> _Exercise material_:
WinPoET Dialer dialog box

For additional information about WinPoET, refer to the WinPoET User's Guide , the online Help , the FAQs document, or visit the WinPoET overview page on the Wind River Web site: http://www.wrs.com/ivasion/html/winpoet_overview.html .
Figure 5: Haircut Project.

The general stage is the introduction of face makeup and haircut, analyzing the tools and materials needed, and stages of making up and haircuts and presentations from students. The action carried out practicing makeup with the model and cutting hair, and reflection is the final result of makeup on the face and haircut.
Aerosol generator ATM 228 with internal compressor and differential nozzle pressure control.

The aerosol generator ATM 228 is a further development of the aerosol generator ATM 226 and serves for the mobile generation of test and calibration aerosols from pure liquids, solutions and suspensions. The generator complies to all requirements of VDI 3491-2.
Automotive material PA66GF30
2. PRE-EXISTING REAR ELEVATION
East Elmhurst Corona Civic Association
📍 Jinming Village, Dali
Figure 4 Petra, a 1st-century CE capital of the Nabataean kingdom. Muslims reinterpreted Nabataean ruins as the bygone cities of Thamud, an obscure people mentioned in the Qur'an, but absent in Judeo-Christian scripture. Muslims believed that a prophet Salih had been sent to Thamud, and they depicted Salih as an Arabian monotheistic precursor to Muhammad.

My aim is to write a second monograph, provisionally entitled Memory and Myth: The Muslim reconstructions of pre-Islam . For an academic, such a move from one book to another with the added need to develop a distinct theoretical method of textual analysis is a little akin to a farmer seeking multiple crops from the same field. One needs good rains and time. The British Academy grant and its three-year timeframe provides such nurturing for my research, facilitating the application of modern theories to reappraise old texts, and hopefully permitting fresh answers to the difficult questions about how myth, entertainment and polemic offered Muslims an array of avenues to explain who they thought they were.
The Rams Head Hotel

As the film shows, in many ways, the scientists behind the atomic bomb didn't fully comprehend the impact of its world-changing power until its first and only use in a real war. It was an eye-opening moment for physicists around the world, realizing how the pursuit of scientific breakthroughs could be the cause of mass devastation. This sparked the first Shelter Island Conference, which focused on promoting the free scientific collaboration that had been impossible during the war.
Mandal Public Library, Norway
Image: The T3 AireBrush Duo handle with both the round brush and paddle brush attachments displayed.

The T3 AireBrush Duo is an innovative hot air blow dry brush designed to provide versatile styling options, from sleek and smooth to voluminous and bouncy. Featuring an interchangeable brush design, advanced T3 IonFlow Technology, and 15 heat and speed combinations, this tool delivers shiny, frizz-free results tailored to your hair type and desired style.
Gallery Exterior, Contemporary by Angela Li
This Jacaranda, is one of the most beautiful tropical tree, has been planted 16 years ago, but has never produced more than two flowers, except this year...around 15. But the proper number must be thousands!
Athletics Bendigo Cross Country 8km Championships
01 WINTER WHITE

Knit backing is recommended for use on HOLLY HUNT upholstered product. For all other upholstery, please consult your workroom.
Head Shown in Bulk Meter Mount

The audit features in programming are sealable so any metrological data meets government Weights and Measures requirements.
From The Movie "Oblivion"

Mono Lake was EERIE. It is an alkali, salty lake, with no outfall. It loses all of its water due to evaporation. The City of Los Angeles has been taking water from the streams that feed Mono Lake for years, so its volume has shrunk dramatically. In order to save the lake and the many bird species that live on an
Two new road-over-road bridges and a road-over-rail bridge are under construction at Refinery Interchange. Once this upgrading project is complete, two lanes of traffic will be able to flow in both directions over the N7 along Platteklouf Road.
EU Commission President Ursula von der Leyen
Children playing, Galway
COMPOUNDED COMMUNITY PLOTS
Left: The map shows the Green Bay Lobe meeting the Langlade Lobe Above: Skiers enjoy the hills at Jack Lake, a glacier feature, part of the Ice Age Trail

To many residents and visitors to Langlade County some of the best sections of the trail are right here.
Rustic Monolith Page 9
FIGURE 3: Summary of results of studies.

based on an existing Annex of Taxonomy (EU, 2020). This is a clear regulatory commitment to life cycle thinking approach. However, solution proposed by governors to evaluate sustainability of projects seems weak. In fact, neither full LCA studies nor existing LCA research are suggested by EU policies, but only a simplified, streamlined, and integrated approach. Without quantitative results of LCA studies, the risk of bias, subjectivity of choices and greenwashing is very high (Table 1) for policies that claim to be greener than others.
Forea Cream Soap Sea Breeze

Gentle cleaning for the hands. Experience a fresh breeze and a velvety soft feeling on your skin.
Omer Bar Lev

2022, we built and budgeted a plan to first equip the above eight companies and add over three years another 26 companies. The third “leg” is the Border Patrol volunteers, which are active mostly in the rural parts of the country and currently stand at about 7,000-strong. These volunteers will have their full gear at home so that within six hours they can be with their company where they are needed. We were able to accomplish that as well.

> _Action item_: If a line in the records above contains the string "results", copy that line out.

> _Answer section_:
The T3 AireBrush Duo is an innovative hot air blow dry brush designed to provide versatile styling options, from sleek and smooth to voluminous and bouncy. Featuring an interchangeable brush design, advanced T3 IonFlow Technology, and 15 heat and speed combinations, this tool delivers shiny, frizz-free results tailored to your hair type and desired style.
FIGURE 3: Summary of results of studies.
based on an existing Annex of Taxonomy (EU, 2020). This is a clear regulatory commitment to life cycle thinking approach. However, solution proposed by governors to evaluate sustainability of projects seems weak. In fact, neither full LCA studies nor existing LCA research are suggested by EU policies, but only a simplified, streamlined, and integrated approach. Without quantitative results of LCA studies, the risk of bias, subjectivity of choices and greenwashing is very high (Table 1) for policies that claim to be greener than others.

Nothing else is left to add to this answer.